» **DATA PROVIDED**

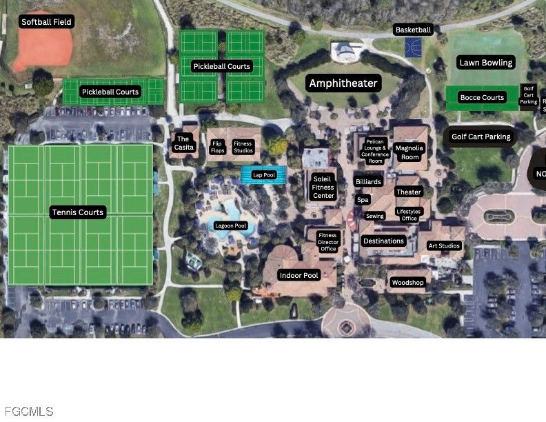 - Includes: Basketball Court, Bocce Court, Billiard Room, Business Center, Clubhouse, Dog Park, Fitness Center, Golf Course, Hobby Room, Library, Media Room, Pier, Pickleball, Pool, Restaurant, Sauna, Spa/Hot Tub, Sidewalks, Tennis Court(s), Trail(s), Management
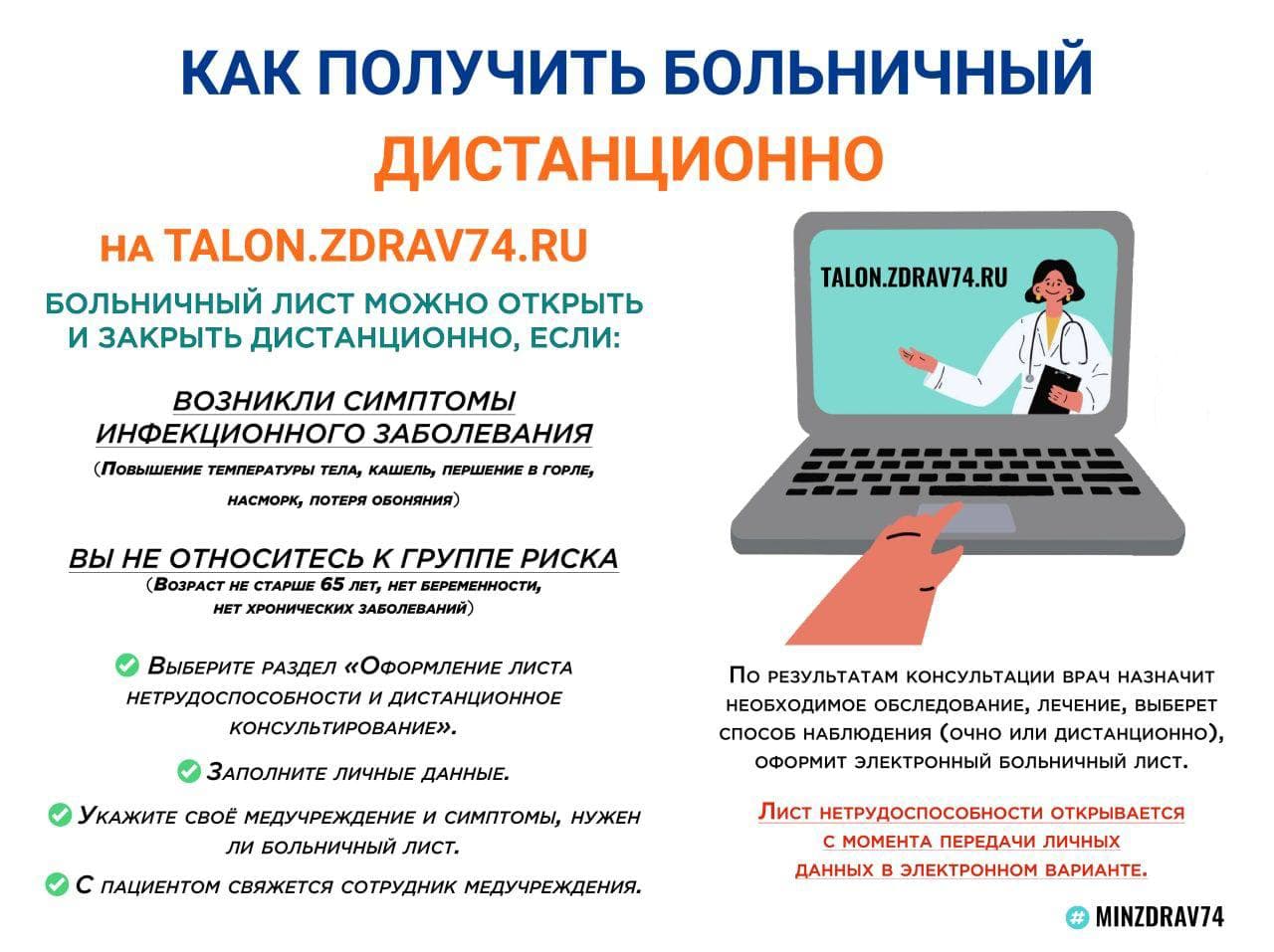 На сайте больницы или поликлиники можно найти информацию об оформлении заявки на дистанционный больничный. Или можно перейти на сайт talon.zdrav74.ru.
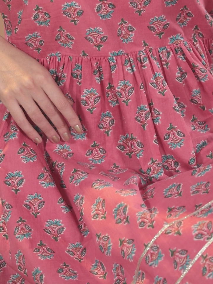 Pink Printed Cotton A-Line Kurta With Sharara

» **HOW TO COMPLETE THIS TASK**
Would you restate the listing word for word and leave every picture out?

» **PROBLEM SOLUTION**
 - Includes: Basketball Court, Bocce Court, Billiard Room, Business Center, Clubhouse, Dog Park, Fitness Center, Golf Course, Hobby Room, Library, Media Room, Pier, Pickleball, Pool, Restaurant, Sauna, Spa/Hot Tub, Sidewalks, Tennis Court(s), Trail(s), Management
 На сайте больницы или поликлиники можно найти информацию об оформлении заявки на дистанционный больничный. Или можно перейти на сайт talon.zdrav74.ru.
 Pink Printed Cotton A-Line Kurta With Sharara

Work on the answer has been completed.